[Stored data entries]
* * *
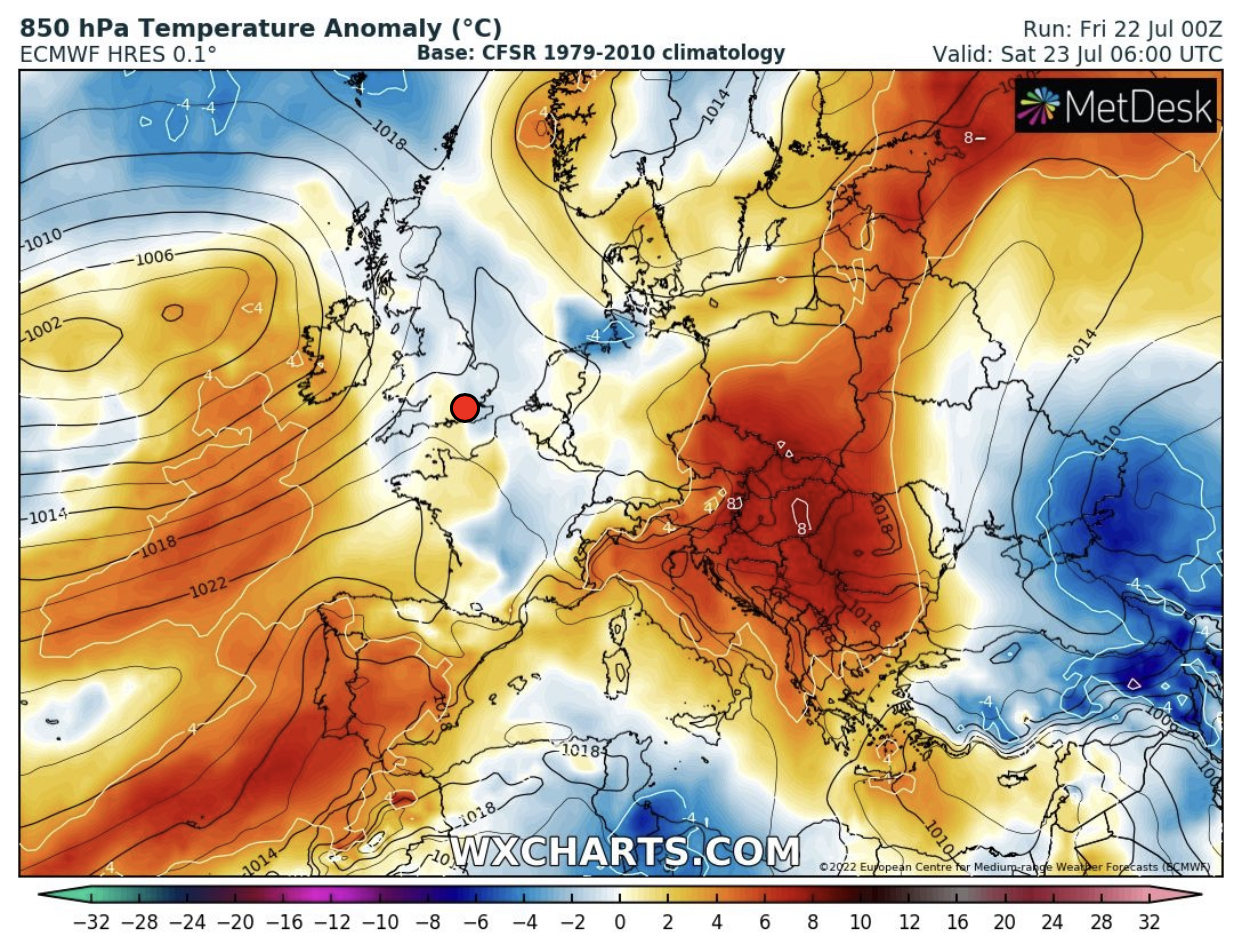 Termicamente parlando, il weekend in arrivo porterà con se un ulteriore aumento delle temperature nella giornata di Sabato. Non sono esclusi valori davvero vicini se non localmente superiori ai +40 gradi su buona parte del paese, specialmente al Centro e al Nord. La giornata di Domenica potrebbe invece presentare un paio di gradi in meno, ma sempre valori molto elevati. Ecco le anomalie termiche previste per il weekend rispetto alle medie climatiche a 850 hPa di quota:
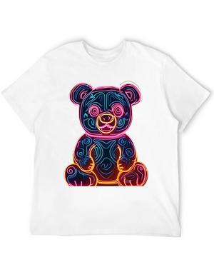 Neon Teddy Bear Graphic Tee - Black Cotton T-Shirt
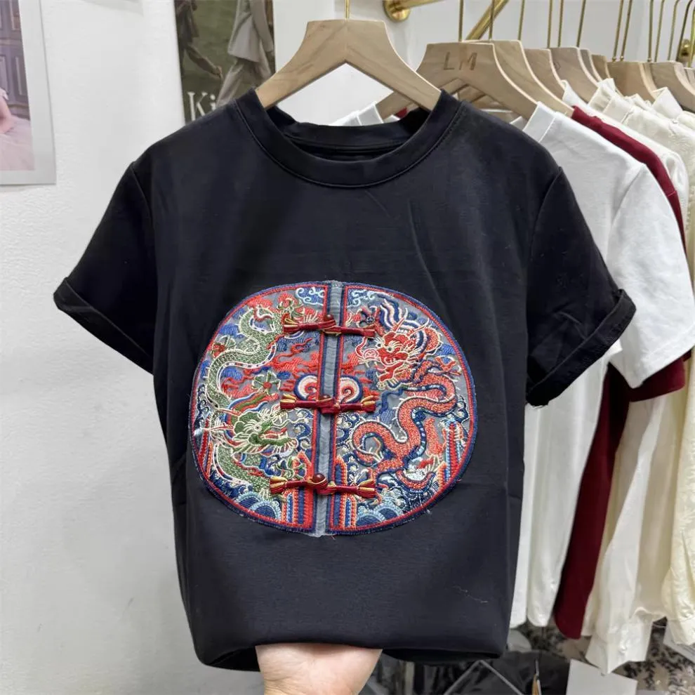 衣都精品- 2023新款中式復古刺繡短袖大碼顯瘦上衣
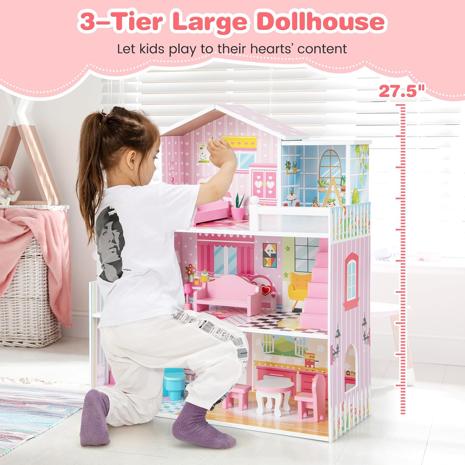 Costzon Wooden Dollhouse for Kids, 3-Story Semi-Open Doll House with 5 Rooms & 10 Pieces Furniture Set, Ladders & Balcony, Preschool DIY Pretend Play Dollhouse Toy, Gift for Girls & Boys Ages 3+
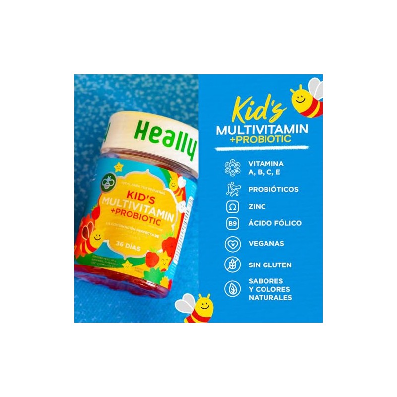 Acerca de este artículo * ✔ NUTRIENTES ESENCIALES PARA SU DESARROLLO – Nuestro multivitamínico es perfecto para complementar su alimentación en cualquier época del año y gozar de una vida más sana y alegre. Es por eso que con sólo 2 gomitas al día de nuestro multivitamínico Kid’s sabor naranja y fresa, tendrán ese boost que necesitan para crecer sanos y felices. * ✔ INGREDIENTES ACTIVOS PARA UNA VIDA SALUDABLE – Nuestro multivitamínicos están hechos con la mezcla ideal de ingredientes necesarios para brindarte una apariencia más fresca y con más vitalidad todos los días. El multivitamínico Kid’s incluye la combinación perfecta de vitamina A, C, D, E, Probióticos y Omega-3. * ✔ SÓLO CON INGREDIENTES NATURALES– Todos los multivitamínicos Heally están hechos con ingredientes 100% naturales y bajo los más altos estándares de calidad. Son libres de gluten, azúcares añadidos, grasas, colorantes y saborizantes artificiales.
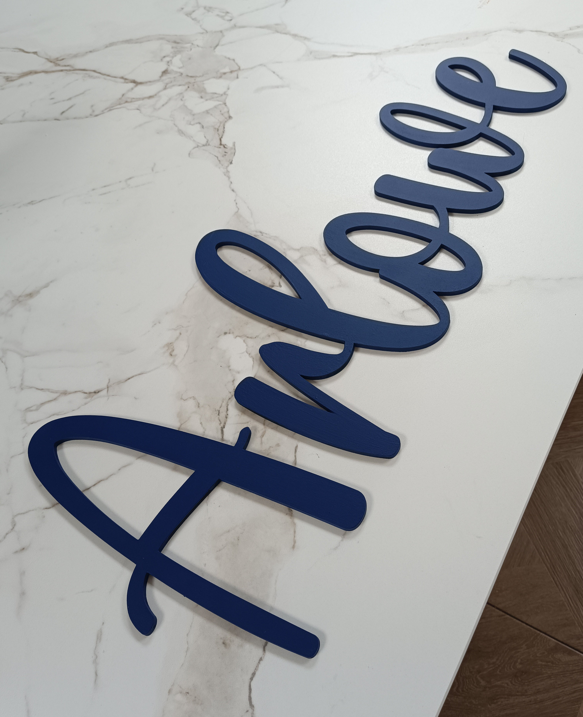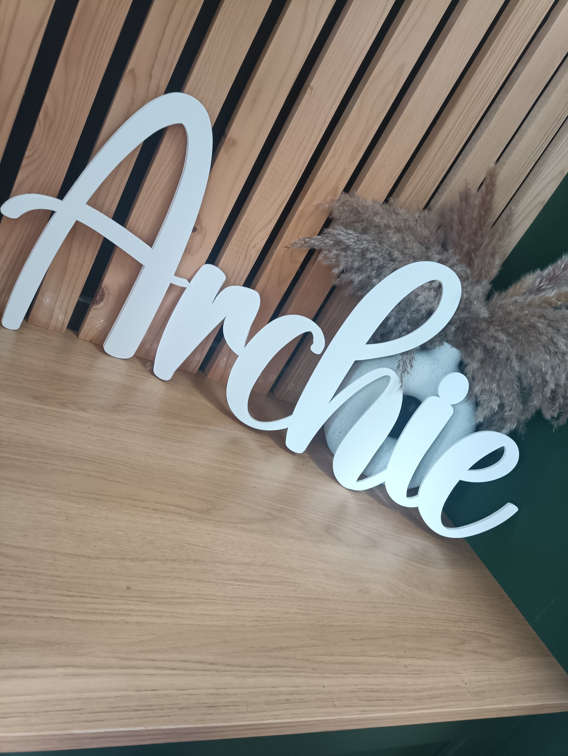 An adorable wall name that would be perfect for any child's bedroom or playroom. Lots of colours available to choose from. They are available in three sizes, 60cm wide, 75cm wide or 95cm wide. The height of each name will vary. You can choose to order the name alone or add stars, hot air balloons, dinosaurs, butterflies or hearts to the design.
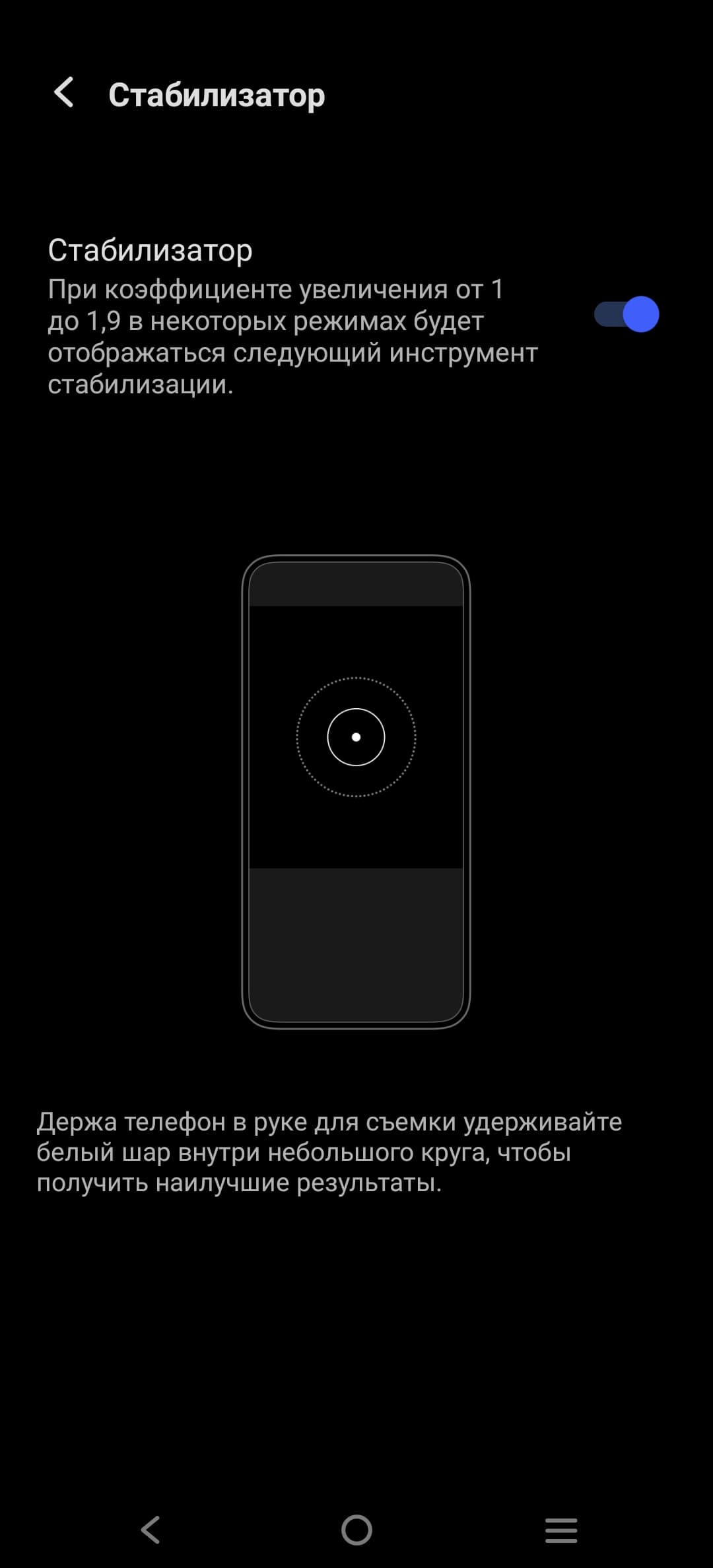 Использована обновленная система стабилизации Gimbal 2.0, впервые появившаяся в предыдущем смартфоне той же флагманской серии — Vivo X50 Pro. Работа этой системы на двухшарнирном соединении с пятиосевой стабилизацией сопровождается соответствующей анимацией на экране: кружок «плавает» в другом кружке. Также вам ни в коем случае не дадут забыть, что к созданию камер этого смартфона имеет какое-то отношение марка Zeiss с очень славным прошлым.
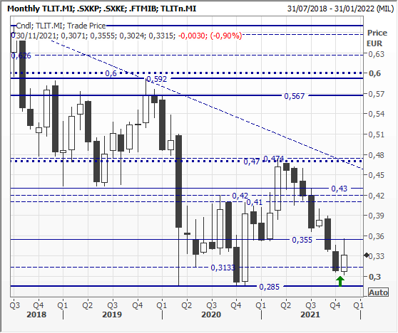 Graficamente, la tendenza di lungo periodo è fortemente ribassista. Nel pieno della bolla internet del marzo 2000 la quotazione arrivò fino a 9,50 euro, poi partì un downtrend più che ventennale. Il rimbalzo dai minimi della pandemia, in zona 0,285 euro, è stato effimero (massimo a 0,474 euro a marzo di quest'anno) così le quotazioni sono tornate al livello di partenza.
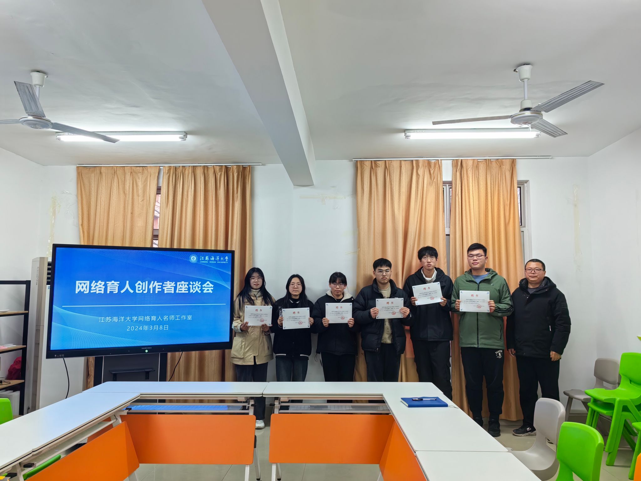 3月8日下午,一场以“做好大学生网络育人”为主题的网络育人创作者座谈会在A9/A10一站式学生社区会议室召开。海洋食品与生物工程学院副书记、校网络育人名师工作室负责人郭利,辅导员吴凡、陈丽媛、杨鑫暖,6位学生创作者共同参加座谈会。座谈会由郭利主持。
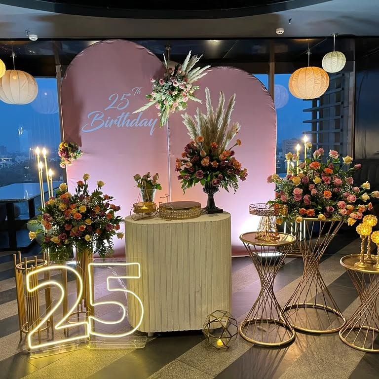 I create sophisticated and stylish decorations for all of life's big moments, from sweet 16s and 21st birthdays to golden 50th anniversaries. My designs include elegant floral arrangements, glamorous shimmer backdrops, and custom lighting to make your milestone celebration truly special.
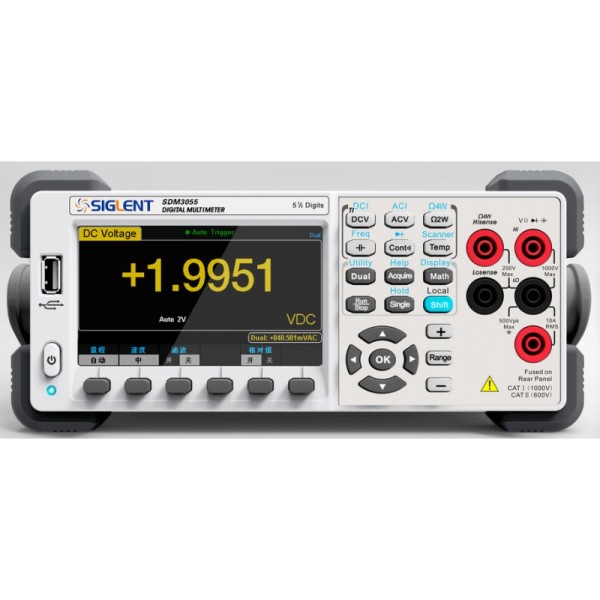 Siglent SDM3055 — 5 ½ цифровой мультиметр с двумя дисплеями,который сочетает в себе множество математических и статических функций. Онвключает в себя различные коммуникационные интерфейсы с простой настройкой,оснащен 4,3-дюймовым TFT ЖК дисплеем, и разработан для пользователей, которымнеобходима высокая производительность, множество функций и автоматическиеизмерения. Siglent SDM3055 — многофункциональный настольный мультиметр.
* * *
Work instruction: Work from the entries above. Set down exactly and only the lines from the line with "衣都精品- 2023新款中式復古刺繡短袖大碼顯瘦上衣" to the line with "Costzon Wooden Dollhouse", both included, and leave the pictures out.

Answer box:
 衣都精品- 2023新款中式復古刺繡短袖大碼顯瘦上衣
 Costzon Wooden Dollhouse for Kids, 3-Story Semi-Open Doll House with 5 Rooms & 10 Pieces Furniture Set, Ladders & Balcony, Preschool DIY Pretend Play Dollhouse Toy, Gift for Girls & Boys Ages 3+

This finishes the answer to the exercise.